Pelosi: Lifting the Ban on Federal Funding for Syringe Exchange is a Victory for Science and for Public Health
WASHINGTON, Dec. 10 Speaker Nancy Pelosi issued the following statement today applauding the inclusion of language in the fiscal year 2010 Consolidated Appropriations Act lifting the ban on federal funding for syringe exchange initiatives to prevent the spread of HIV. The omnibus bill passed the House this afternoon by a vote of 221 to 202.
"The scientific support for syringe exchange could not be more clear. As Dr. Anthony Fauci, Director of the National Institute of Allergy and Infectious Diseases at the NIH has said, 'Clearly, needle exchange programs work. There is no doubt about that.' More specifically, as Dr. Fauci confirmed during a 2008 hearing before the House Committee on Oversight and Government Reform, the science shows syringe exchanges effectively reduce new HIV infections without increasing the use of illegal drugs.
"In addition to the NIH, the Centers for Disease Control, the World Health Organization, the Institute of Medicine, the American Medical Association, the American Pediatric Association, the American Public Health Association and former Surgeon General David Satcher have all confirmed the scientific evidence in support of syringe exchange as part of a comprehensive approach to HIV prevention.
"Sound science is an essential component of good public health policy, and science must come first in our public health policy decisions.
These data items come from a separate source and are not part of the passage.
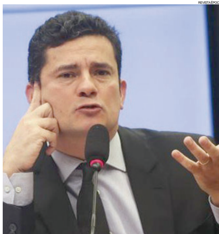
A manifestação de Moro foi feita ainda no mês de abril

público apenas agora, mas já tinha sido assinado em abril, antes das recentes decisões do STF (Supremo Tribunal Federal) que liberaram presos da Lava Jato.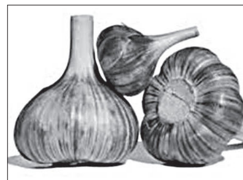
Сорт чеснока Любаша.

Нередки случаи, когда при перенесении нестрелкующихся форм из одних условий в другие они становятся стрелкующимися, и наоборот, стрелкующиеся – нестрелкующимися. Такое явление связано с изменением температурных и световых условий новой зоны выращивания. Для успешного выращивания чеснока нерайонированных сортов необходимо всестороннее их исследование. Первоначально нужно изучить природные свойства растения по отношению к теплу, световым и водным условиям роста. Для этого требуется провести детальные наблюдения за растениями при подзимней и весенней посадках с различными сроками посадки.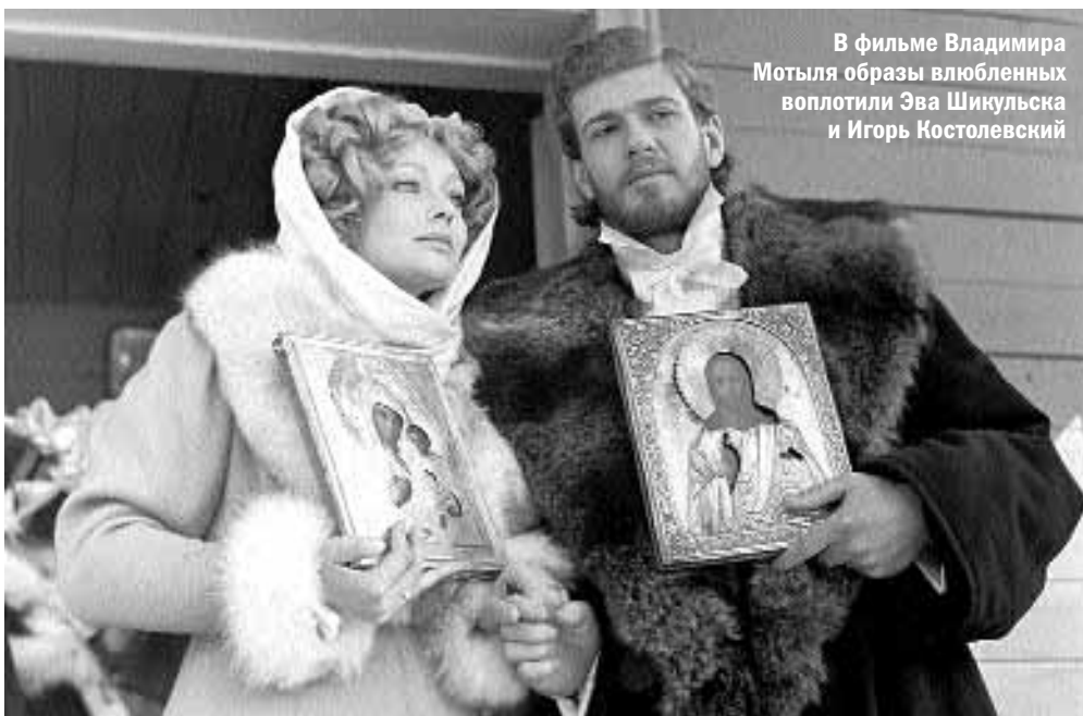
В фильме Владимира Мотыля образы влюбленных воплотили Эва Шикунска и Игорь Костоловский

В Москву Полин и Анненков прибыли только в ноябре. Здесь их и застало известие о кончине императора Александра I, которое, как заметила Полин, озаботило ее друга. Несколько дней кряду в доме у Анненкова сходились молодые офицеры, вели между собой разговоры, из которых Полин поняла, что Иван Александрович состоит членом какого-то тайного общества и внезапная смерть императора почему-то грозит ему бедой. Вскоре поручик засобирился в Петербург — 2 декабря он выехал, но в спешке забыл порт-

The language lifting the ban on the use of federal funds for syringe exchange appropriately allows local public health and law enforcement officials to determine where exchanges should operate in their communities.
"Injection drug use is linked to 12 percent of new HIV infections, as well as most Hepatitis C infections. Lifting the ban on federal funding for syringe exchange is a big victory for science and for public health.
"We simply cannot rest until we have done everything possible to prevent new HIV infections, including ensuring access to proven interventions such as syringe exchange. We cannot rest until every person living with HIV has access to the care and medications they need to stay healthy. And we cannot rest until we have a cure."